[HN Gopher] How I learned to stop worrying and love userspace ne...
___________________________________________________________________
How I learned to stop worrying and love userspace networking
Author : todsacerdoti
Score : 131 points
Date : 2024-08-29 13:06 UTC (9 hours ago)
(HTM) web link (friendshipcastle.zip)
(TXT) w3m dump (friendshipcastle.zip)
| jauntywundrkind wrote:
| Really love seeing such a straightforward example, of starting
| with some desire or need, and ending up DIY'ing ones own
| operator.
|
| A lot of the pushback against Kubernetes revolves around whether
| you 'rewlly need it' or whether to do something else. Seeing
| someone go past running containers like this highlights the
| extensibility, shows the core of Kubernetes as a pattern &
| paradigm for building any kind of platform.
|
| It's neat seeing that done so quickly & readily here. That we can
| add and manage anything, consistently, quickly, is a promise that
| I love seeing fulfilled.
| Etheryte wrote:
| While I see what you're getting at, I find the comment funny
| after the first thing the article leads with is that certain
| things are a pain in Kubernetes.
| beeboobaa3 wrote:
| It's a pain because kubernetes is designed to run multiple
| workloads on multiple servers. So if you want to access the
| VPN from _some_ kubernetes containers you 're going to have
| to figure something out.
|
| But nothing is stopping you from just joining all your hosts
| into the VPN, just like a traditional deployment. Or set it
| up on your network gateway. This would make it available to
| all of your containers. Great. You're done.
|
| But if that's not what you want, you'll need to figure
| something out.
| Etheryte wrote:
| I'm not sure if I follow. You said Kubernetes is great for
| building any kind of a platform, but then when someone
| wants controlled access to a VPN it suddenly turns into a
| no, not like that? Giving only certain parts of your
| architecture access to certain capabilities is far from a
| niche use case.
| themgt wrote:
| _Giving only certain parts of your architecture access to
| certain capabilities is far from a niche use case_
|
| What is the "normal" best practice here then? I would
| just spin up multiple single-node k3s VM clusters and
| hook the AI k3s VM to the VPN and the others not.
| nonameiguess wrote:
| Sort of. What the author is trying to do is actually quite
| easy if the entire setup had been Kubernetes. k3s allows you
| to connect nodes to your cluster over a Tailscale VPN. If you
| do that, you don't need to expose your remote AI server to
| any network at all except the Kubernetes internal network.

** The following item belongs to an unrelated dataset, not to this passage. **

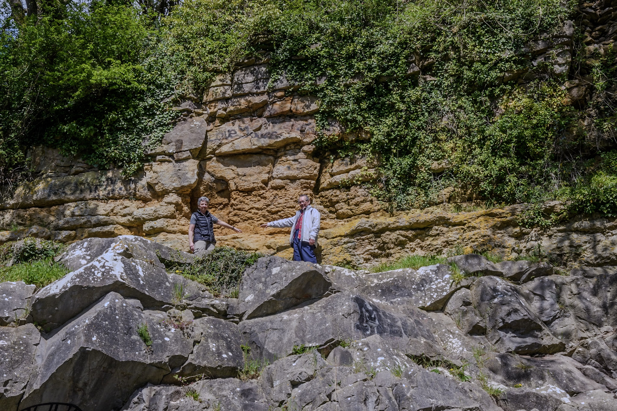 Middle right: Dave and Janine standing on the De La Beche unconformity in Vallis Vale. Here, in an old quarry the unconformity between the yellow-coloured, horizontally bedded Jurassic Inferior Oolite limestone and the underlying grey, massively bedded and steeply dipping Carboniferous Vallis Limestone can be seen.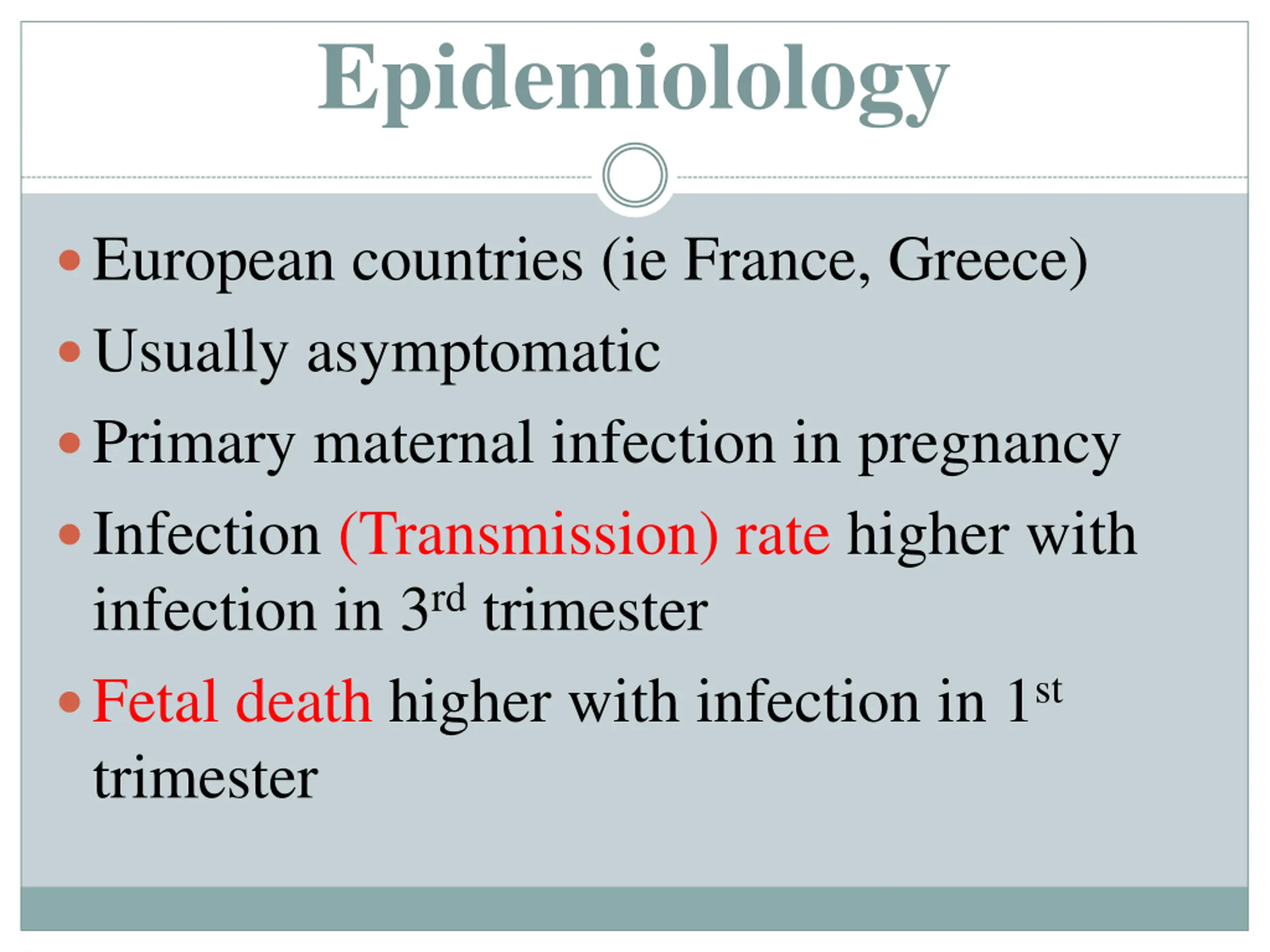 Epidemiolology European countries (ie France, Greece) Usually asymptomatic Primary maternal infection in pregnancy Infection (Transmission) rate higher with infection in 3rdtrimester Fetal death higher with infection in 1st trimester

| I'm guessing fly.io doesn't just give you bare servers you
| can run k3s on, though. The only real difficulty here is
| hooking up totally different abstraction engines that aren't
| designed to work with each other. Putting the blame
| specifically on one of them and not the other doesn't make
| sense.
| candiddevmike wrote:
| At its heart, Kubernetes is a workload scheduler, and a fairly
| opinionated one at that. IMO, it's too complicated for folks
| that just need an "extensible platform" when all they really
| need is a dumb scheduler API without all the Kubernetes bells
| and whistles that have been bolted on over the years.
|
| Kubernetes tries to be everything to everyone and makes the
| entire thing too complicated. Seeing Kubernetes broken up into
| smaller, more purpose built components and let folks pick and
| choose or swap could be helpful, at the risk of it becoming
| OpenStack.
|
| There's an alternate reality where Fleet is the defacto
| scheduler and cats and dogs live together in harmony.
| mrgaro wrote:
| I'd say the opposite instead: we need Kubernetes
| distributions, just like Linux needs distributions. Nobody
| wants to build their kernel from scratch and to hand pick
| various user space programs.
|
| Same for Kubernetes: Distributions which pack everything you
| need in an opinionated way, so that it's easy to use. Now
| it's kinda build-your-own-kubernetes at every platform:
| kubeadm, EKS etc all require you to install various add-on
| components before you have a fully suitable cluster.
| p-o wrote:
| I think the Operator pattern will grow to become exactly
| what you describe. We're still at the early stage of that,
| but I can see that a group of operators could become a
| "distribution", in your example.
| koito17 wrote:
| > At its heart, Kubernetes is a workload scheduler
|
| Wouldn't it be more accurate to state Kubernetes at its core
| is a distributed control plane?
|
| You want something that inspects the state of a distributed
| system and mutates it as necessary to reach some "desired
| state". That's the control plane bit. For fault tolerance,
| the control plane itself needs to be distributed. This is the
| exact reason for Kubernetes' existence.
| treflop wrote:
| What OP did could be done with any containerization platform
| that abstracted away networking, which should be all of them.
|
| Personally I think you should always be using containerization,
| because even single node Docker is easy. If you are running
| something for real, then definitely use Kubernetes.
|
| If you are using containerization, setting up Tailscale is
| trivial.
|
| Whenever you abstract away something, you can swap out core
| components like networking willy nilly. Of course, you can
| always over-abstract, but a healthy amount is wonderful for
| most non-very high performance use cases.
| sigmonsays wrote:
| "how I learned to ____ and love ____" titles seem so
| editorialized I don't want to read the article but it ended up
| being interesting.
|
| however, i'm not sure yet how it's useful outside of fly.io. It
| seems odd to say "I like to self host" and then yield to fly.io.
| ElevenLathe wrote:
| If you weren't aware of the reference, this comes from the full
| title of the 1964 movie _Dr. Strangelove_:
| https://en.wikipedia.org/wiki/Dr._Strangelove
| cpach wrote:
| For those that haven't seen it: Do yourself a favor and watch
| it. At least two times. It's such a strange (haha) movie.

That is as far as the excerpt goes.